=== Dataset extract ===
════════════════
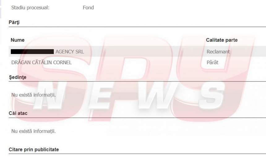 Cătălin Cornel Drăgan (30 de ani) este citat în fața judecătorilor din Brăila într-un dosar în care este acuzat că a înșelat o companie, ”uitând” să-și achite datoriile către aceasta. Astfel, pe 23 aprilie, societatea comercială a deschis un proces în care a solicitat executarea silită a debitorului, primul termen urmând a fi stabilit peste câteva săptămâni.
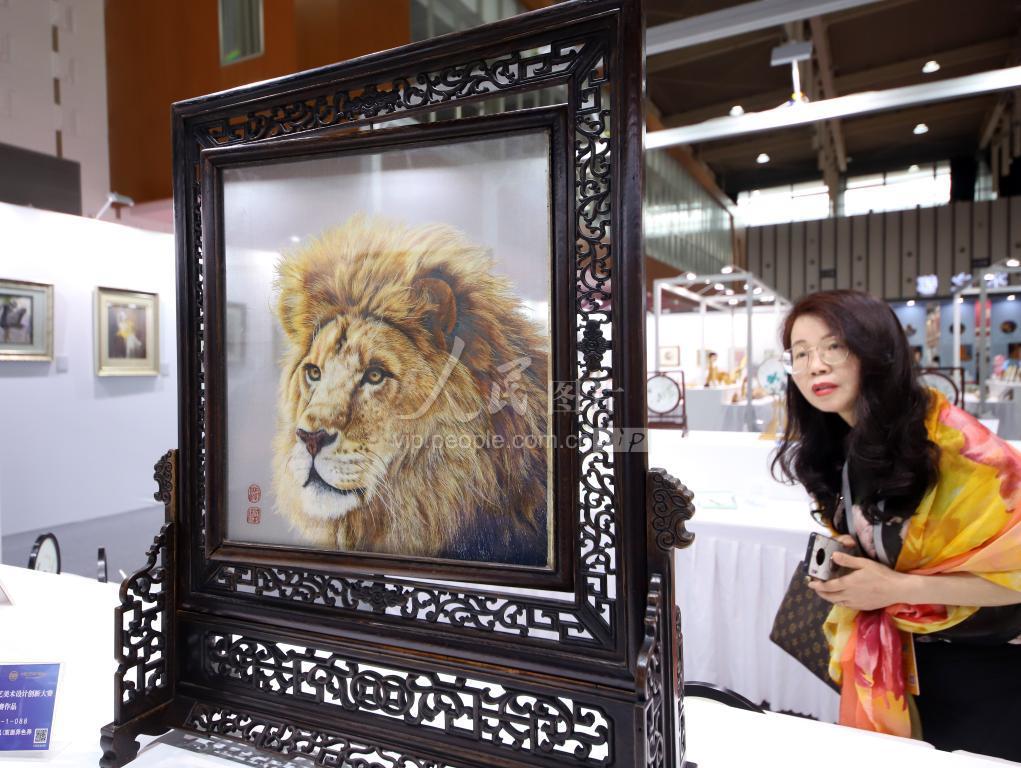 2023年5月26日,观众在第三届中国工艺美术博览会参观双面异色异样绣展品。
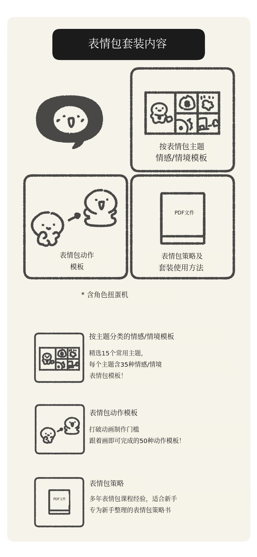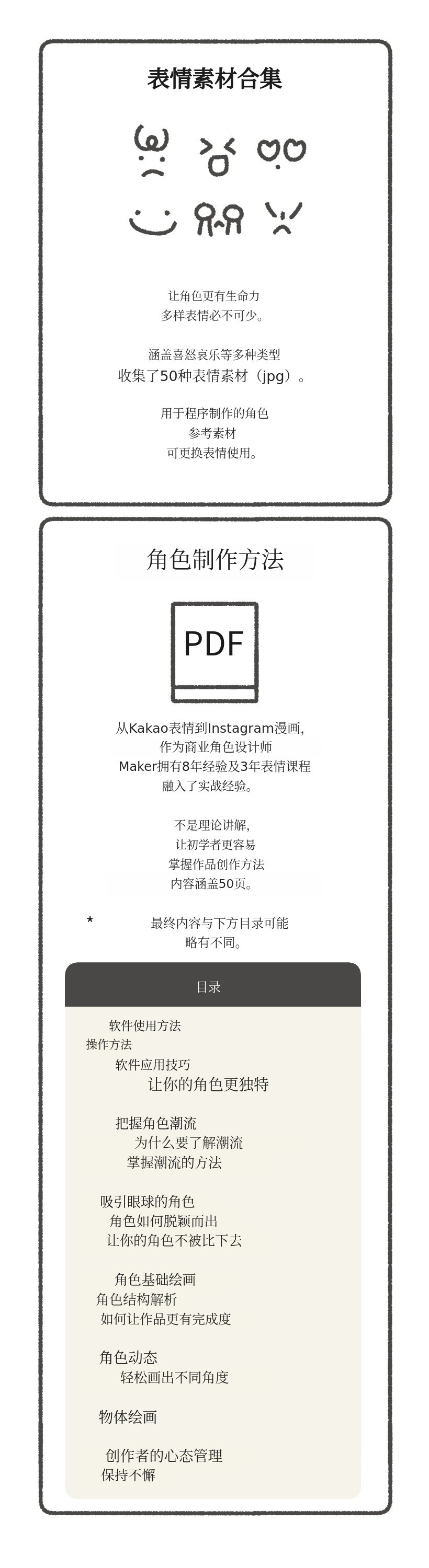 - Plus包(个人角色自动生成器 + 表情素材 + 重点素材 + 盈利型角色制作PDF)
════════════════
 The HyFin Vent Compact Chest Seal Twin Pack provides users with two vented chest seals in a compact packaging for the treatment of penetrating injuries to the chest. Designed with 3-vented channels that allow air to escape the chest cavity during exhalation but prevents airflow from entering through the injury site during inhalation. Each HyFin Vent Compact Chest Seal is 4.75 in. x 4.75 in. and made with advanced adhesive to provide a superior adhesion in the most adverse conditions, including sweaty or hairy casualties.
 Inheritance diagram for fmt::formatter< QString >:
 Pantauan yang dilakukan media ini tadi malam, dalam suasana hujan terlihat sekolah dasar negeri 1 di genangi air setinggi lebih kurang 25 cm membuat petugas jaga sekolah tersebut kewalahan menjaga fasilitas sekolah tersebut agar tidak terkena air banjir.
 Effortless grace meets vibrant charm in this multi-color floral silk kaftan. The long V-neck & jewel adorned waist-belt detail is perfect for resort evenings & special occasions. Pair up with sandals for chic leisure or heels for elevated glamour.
════════════════
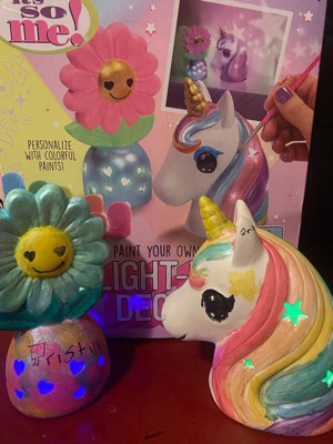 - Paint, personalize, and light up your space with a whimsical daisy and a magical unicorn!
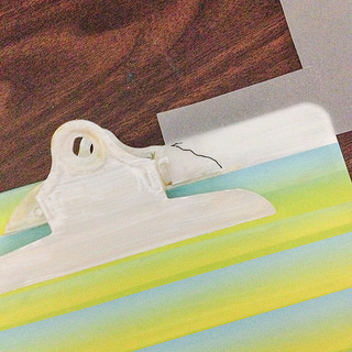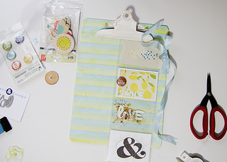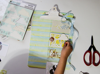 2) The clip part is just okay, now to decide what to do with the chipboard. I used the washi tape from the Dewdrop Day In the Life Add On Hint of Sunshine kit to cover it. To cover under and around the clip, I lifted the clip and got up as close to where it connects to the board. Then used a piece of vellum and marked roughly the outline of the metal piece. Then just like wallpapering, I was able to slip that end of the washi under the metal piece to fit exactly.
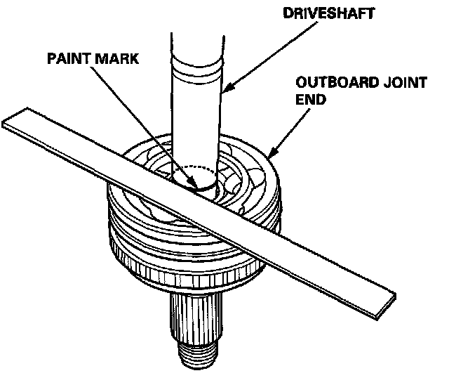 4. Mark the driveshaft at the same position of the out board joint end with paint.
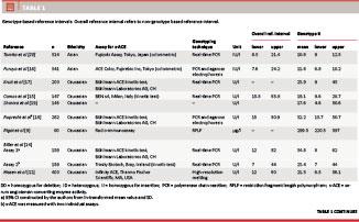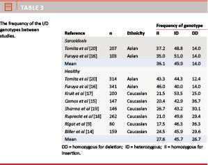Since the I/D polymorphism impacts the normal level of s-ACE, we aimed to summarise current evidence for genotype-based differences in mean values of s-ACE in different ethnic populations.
════════════════
=== Description of the task ===
Retype, exactly and with no pictures, everything above from the line with "Cătălin Cornel Drăgan" down to the line with "2023年5月26日,观众在第三届中国工艺美术博览会参观双面异色异样绣展品。", both included.

=== Answer space ===
 Cătălin Cornel Drăgan (30 de ani) este citat în fața judecătorilor din Brăila într-un dosar în care este acuzat că a înșelat o companie, ”uitând” să-și achite datoriile către aceasta. Astfel, pe 23 aprilie, societatea comercială a deschis un proces în care a solicitat executarea silită a debitorului, primul termen urmând a fi stabilit peste câteva săptămâni.
 2023年5月26日,观众在第三届中国工艺美术博览会参观双面异色异样绣展品。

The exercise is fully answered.